Наступило утро, и Маттиас с Анной, взявшись за руки, пошли в школу. Путь туда был не близкий — в ту пору никто не заботился, далеко ли, близко ли в школу идти. Маттиас и Анна мерзли на холодном ветру, да так, что пальцы сводило, а кончик носа краснел.

— Ой, до чего у тебя нос красный, Маттиас! — закричала Анна. — Повезло тебе, сейчас ты не такой серый, как мыши-полевки со скотного двора!

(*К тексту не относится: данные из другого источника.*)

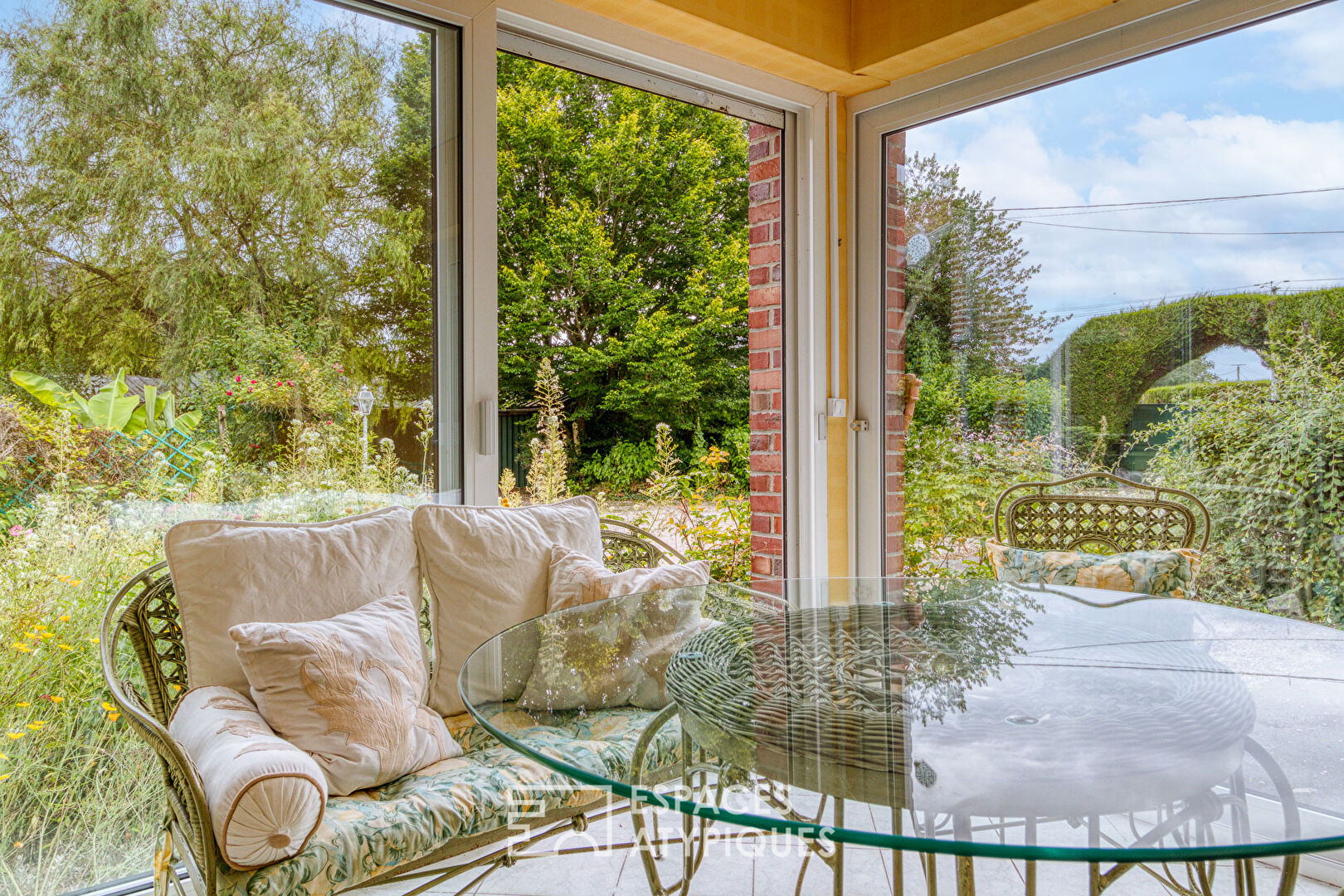 It also includes a fitted and equipped kitchen, as well as a magnificent winter garden, a true haven of peace allowing you to enjoy nature all year round. This part of the house also has a shower room, a bathroom, a storeroom, as well as two large bedrooms upstairs, one of which is equipped with a water point, ideal for a master suite.
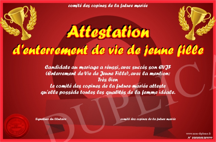 Envoyez par email votre Attestation d'enterrement de vie de jeune fille personalisé

Маттиас с Анной и вправду были как мыши-полевки: болезненно-серые лица, ветхая одежда — серый платок на плечах у Анны и серая старая сермяжная куртка у Маттиаса, что ему от хозяина Торфяного Болота досталась.

Но теперь они шли в школу, а уж там, наверно, ничего печального, ничего серого не будет, думала Анна, там, наверно, все яркое, алое. И наверняка их ожидают одни сплошные радости с утра до вечера! Ничего, что они с Маттиасом бредут по лесной дороге, словно две маленькие мыши-полевки, и так жестоко мерзнут в зимнюю стужу! Это вовсе не страшно!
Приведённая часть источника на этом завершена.